# [TASK ITEM]
Return nothing but the lines from the one with "Results of renal" through the one with "阿里巴巴有一系列相當嚴謹的審" in the data below, word for word and without pictures.

# [THE INPUT]
--------------------------------------------------

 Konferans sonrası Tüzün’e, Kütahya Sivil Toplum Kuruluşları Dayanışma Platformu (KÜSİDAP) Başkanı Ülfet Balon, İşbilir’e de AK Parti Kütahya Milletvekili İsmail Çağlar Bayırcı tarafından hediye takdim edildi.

--------------------------------------------------

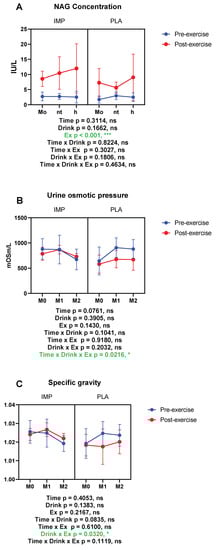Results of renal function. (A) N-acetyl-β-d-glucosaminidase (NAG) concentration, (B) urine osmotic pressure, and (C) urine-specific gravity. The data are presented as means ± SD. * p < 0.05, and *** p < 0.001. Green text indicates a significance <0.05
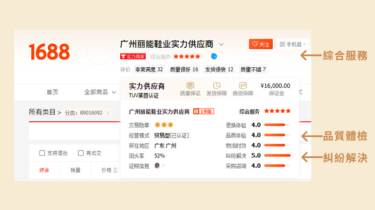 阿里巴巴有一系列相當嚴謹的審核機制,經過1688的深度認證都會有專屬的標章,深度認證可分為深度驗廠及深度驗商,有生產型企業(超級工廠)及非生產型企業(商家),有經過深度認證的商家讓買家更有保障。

--------------------------------------------------

# [YOUR SOLUTION]
Results of renal function. (A) N-acetyl-β-d-glucosaminidase (NAG) concentration, (B) urine osmotic pressure, and (C) urine-specific gravity. The data are presented as means ± SD. * p < 0.05, and *** p < 0.001. Green text indicates a significance <0.05
 阿里巴巴有一系列相當嚴謹的審核機制,經過1688的深度認證都會有專屬的標章,深度認證可分為深度驗廠及深度驗商,有生產型企業(超級工廠)及非生產型企業(商家),有經過深度認證的商家讓買家更有保障。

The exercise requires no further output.